Impressive. Any specific aspect that should require review ?

cr-marcstevens commented 4 years ago

a) that I didn't screw up some non-default sieve or other use-case b) if the 4.2% memory increase is worth it or if it's important to try to find a better tradeoff c) other stuff I missed that could be improved (e.g. I looked at the triple_sieve_mt.cpp resort function that probably could benefit as well. But its rather complicated, so I'd rather prefer someone who knows what's going on there helps rewriting it)

lducas commented 4 years ago

I rebuild without "-f". I get issues when pump-down is on, even when single-threaded, and it seems independent of the kind of default-sieve used.

sieving.cpp:97: void Siever::gauss_sieve(std::size_t): Assertion 'cv2_vec_len > fast_cdb[j].len' failed.
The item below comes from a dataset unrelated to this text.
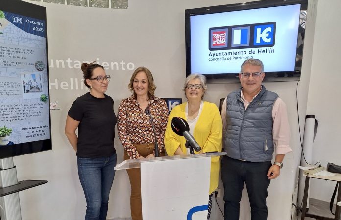 La presentación tuvo lugar en la sala de prensa del Ayuntamiento con la participación de la concejala de Patrimonio Histórico, Dolo Valencia; la técnico de Turismo, Marian Martínez; la presidenta de Cáritas Interparroquial, Mari Carmen; y el alcalde de Hellín.

Traceback (most recent call last): File "./svp_challenge.py", line 114, in <module> asvp() File "./svp_challenge.py", line 92, in asvp stats = run_all(asvp_kernel, list(all_params.values()), File "/home/ducas/code/g6k/g6k/utils/cli.py", line 113, in run_all res = f(copy.deepcopy(job)) File "./svp_challenge.py", line 63, in asvp_kernel flast = workout(g6k, tracer, 0, n, goal_r0=goal_r0, File "/home/ducas/code/g6k/g6k/algorithms/workout.py", line 57, in workout pump(g6k, tracer, kappa, blocksize, f, goal_r0=goal_r0, **pump_params) File "/home/ducas/code/g6k/g6k/algorithms/pump.py", line 157, in pump elif not wrapped_sieve(pump): File "/home/ducas/code/g6k/g6k/algorithms/pump.py", line 34, in wrapped_sieve pump.g6k(alg=alg, tracer=pump.tracer) File "g6k/siever.pyx", line 1267, in g6k.siever.Siever.__call__ with tracer.context("gauss"): File "g6k/siever.pyx", line 1268, in g6k.siever.Siever.__call__ self.gauss_sieve(reset_stats=reset_stats) File "g6k/siever.pyx", line 1241, in g6k.siever.Siever.gauss_sieve sig_on()
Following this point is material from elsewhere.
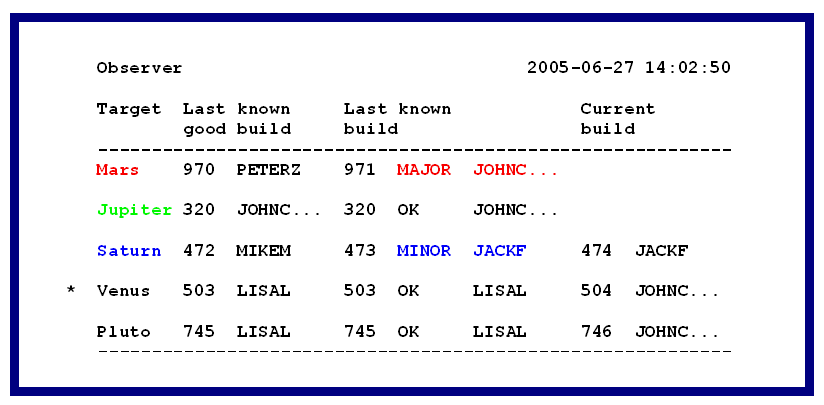 In addition to the e-mail-notification mechanism, there is a client program called "Observer" (implemented in Perl/Tk) running on all project member's workstations. The Observer monitors the state of all targets. The following information can be derived from Figure 3:

This was while running ./svp_challenge.py 70 --pump/down-sieve 1 --verbose --threads 4. The issue seems to always occur for very small sieve context, when we fallback to regular gauss_sieve, which may explain why the issue is independent of the choice of the sieve.

A somewhat systematic test would be: ./full_sieve.py --sieve gauss nv bgj1 gauss_triple_mt --threads 1 4 --challenge-seed 0~4 --verbose and ./svp_challenge.py 80 --sieve gauss nv bgj1 gauss_triple_mt --pump/down-sieve 0 1 --threads 1 4 --challenge-seed 0~4 --verbose

cr-marcstevens commented 4 years ago

Hi Leo, I'm running your tests now. Note that I had similar issues (hangs), which I traced back to g6k not being properly rebuild: i.e., it was mixing old and new object files. This was caused on halfpeta:

  1. as Cython does not create g6k/siever.so but g6k/siever.cpython<ver>.so
  2. python setup.py clean does not exactly what we want similar to make clean which cleans all build files, but python only removes temporary build files.
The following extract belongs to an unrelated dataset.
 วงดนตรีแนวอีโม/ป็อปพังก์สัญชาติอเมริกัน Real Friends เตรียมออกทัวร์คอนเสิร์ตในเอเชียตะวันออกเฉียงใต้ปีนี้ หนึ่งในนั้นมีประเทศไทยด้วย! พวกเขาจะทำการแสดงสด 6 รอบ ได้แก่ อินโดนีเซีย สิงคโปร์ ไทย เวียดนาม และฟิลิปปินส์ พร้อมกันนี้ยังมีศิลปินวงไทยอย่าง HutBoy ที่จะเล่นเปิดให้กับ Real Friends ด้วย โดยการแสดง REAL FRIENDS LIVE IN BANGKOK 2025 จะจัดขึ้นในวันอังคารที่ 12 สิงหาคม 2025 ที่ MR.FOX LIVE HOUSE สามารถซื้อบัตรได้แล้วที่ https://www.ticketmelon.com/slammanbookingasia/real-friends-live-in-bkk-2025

I have put the fix for this in PR #38.

To make sure this is not the cause, can you also change rebuild.sh as follows and try again?: rm g6k/*.so `find g6k -name "*.pyc"` -r build

lducas commented 4 years ago

I made a fresh install. Still hanging on ./svp_challenge.py 80 --sieve gauss --pump/down-sieve 1 --verbose --threads 1. Sorry :/

cr-marcstevens commented 4 years ago

Found a serious bug introduced in my rewrite of shrink_db, but this should fix it.

lducas commented 4 years ago

a) Seems fine now. b) Meh. Everything is a trade-off. I think its nicer for average user to kill overhead in moderate dimensions than worrying about performances in super large dimensions. Users of the latter should know enough to adjust the code to their massive experiments. c) I can't help either. Can be the object of a future PR, for example if Elena has too much free time.

So I say all right. You can click the green button.

cr-marcstevens commented 4 years ago

BTW why was this bug not caught by TravisCI?